When Peña Nieto won, Sepúlveda began destroying evidence. He drilled holes in flash drives, hard drives, and cell phones, fried their circuits in a microwave, then broke them to shards with a hammer. He shredded documents and flushed them down the toilet and erased servers in Russia and Ukraine rented anonymously with Bitcoins. He was dismantling what he says was a secret history of one of the dirtiest Latin American campaigns in recent memory.

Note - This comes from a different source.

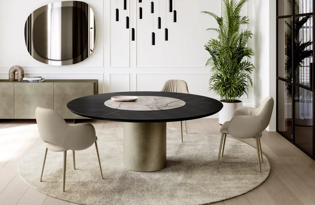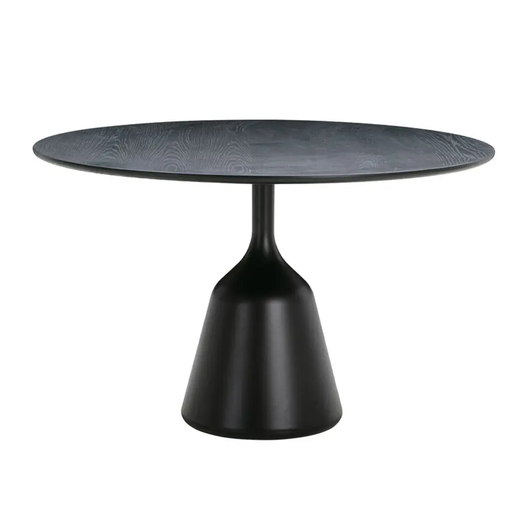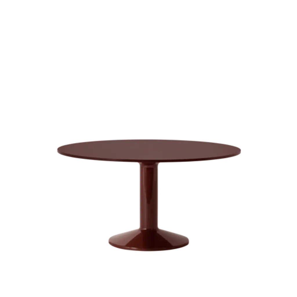 A natural focal point of the home, the Midst Table is a generous, round dining table where friends and family gather—with room to welcome more. Its refined silhouette is simple yet characteristic, enhanced by distinct detailing and contrasting materiality—matte solid oak, linoleum, or honed marble on a monolithic base made of spun steel with a durable high-gloss finish.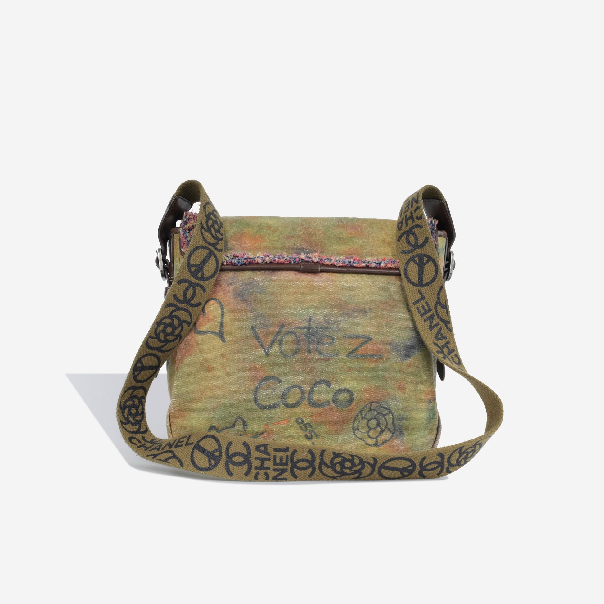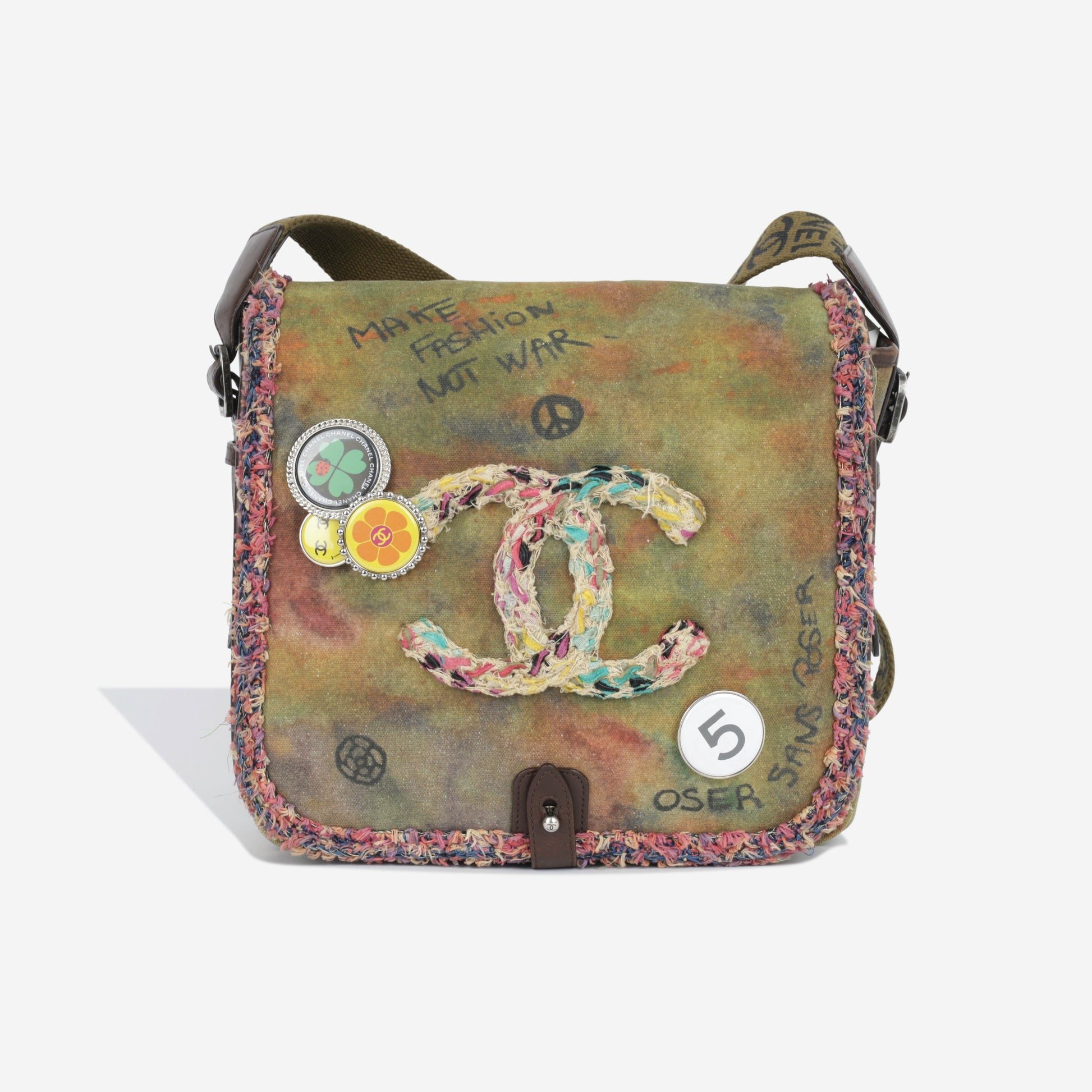 The On the Pavement messenger bag was sold out all over the world, after its launch in 2015. The runway at the Grand Palais was decorated with pavements and puddles, and the clothes and accessories carried important messages making a statement to all that witnessed. This particular bag is beautifully created with green fabric and carries so many intricate details, such as badges and mixed materials. This is truly a special piece highlighted in Chanels rich history, and should be treasured forever.

For eight years, Sepúlveda, now 31, says he traveled the continent rigging major political campaigns. With a budget of $600,000, the Peña Nieto job was by far his most complex. He led a team of hackers that stole campaign strategies, manipulated social media to create false waves of enthusiasm and derision, and installed spyware in opposition offices, all to help Peña Nieto, a right-of-center candidate, eke out a victory. On that July night, he cracked bottle after bottle of Colón Negra beer in celebration. As usual on election night, he was alone.

Sepúlveda’s career began in 2005, and his first jobs were small—mostly defacing campaign websites and breaking into opponents’ donor databases. Within a few years he was assembling teams that spied, stole, and smeared on behalf of presidential campaigns across Latin America. He wasn’t cheap, but his services were extensive. For $12,000 a month, a customer hired a crew that could hack smartphones, spoof and clone Web pages, and send mass e-mails and texts. The premium package, at $20,000 a month, also included a full range of digital interception, attack, decryption, and defense. The jobs were carefully laundered through layers of middlemen and consultants. Sepúlveda says many of the candidates he helped might not even have known about his role; he says he met only a few.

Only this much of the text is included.